American author, journalist and lawyer

Dennis Shere is an American author, journalist and lawyer. Shere has written two books: Cain's Redemption, a biography about Warden Burl Cain of the Louisiana State Penitentiary at Angola, and The Last Meal — Defending an Accused Mass Murderer, about the defendants in the Brown's Chicken massacre case. Shere was one of the defense attorneys who represented Juan Luna, who received a life sentence.

A native of Cleveland, Shere graduated from Ohio University in the early 1960s with bachelor's and master's degrees in journalism. He served as publisher of Cox Newspapers in Ohio — the Dayton Daily News and Springfield News-Sun — and as general manager of Moody Bible Institute's media operations in Chicago.

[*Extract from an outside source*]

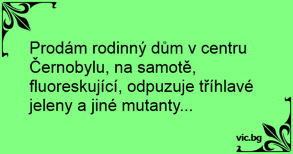 Prodám rodinný dům v centru Černobylu, na samotě, fluoreskující, odpuzuje tříhlavé jeleny a jiné mutanty...

In 1988, Shere was fired as Daily News publisher by Cox Newspapers because he rejected a health lecture advertisement by homosexual groups. Shere cited his "Christian perspective" in declining to print the ad. The Southern Baptist Convention subsequently passed a resolution calling on "all media to refuse advertising that promotes homosexuality or any other lifestyle that is destructive to the family". The resolution said Shere was fired for his "commitment to defend traditional moral and family values". The company responded that it was defending freedom of expression for all people, saying "We cannot compromise on the constitutional issue of equal access to the press".

In 2000, Shere began attending law school. He graduated from the DePaul University College of Law in Chicago and passed the Illinois bar exam in 2003. He formerly served as an assistant public defender in Kane County, Illinois.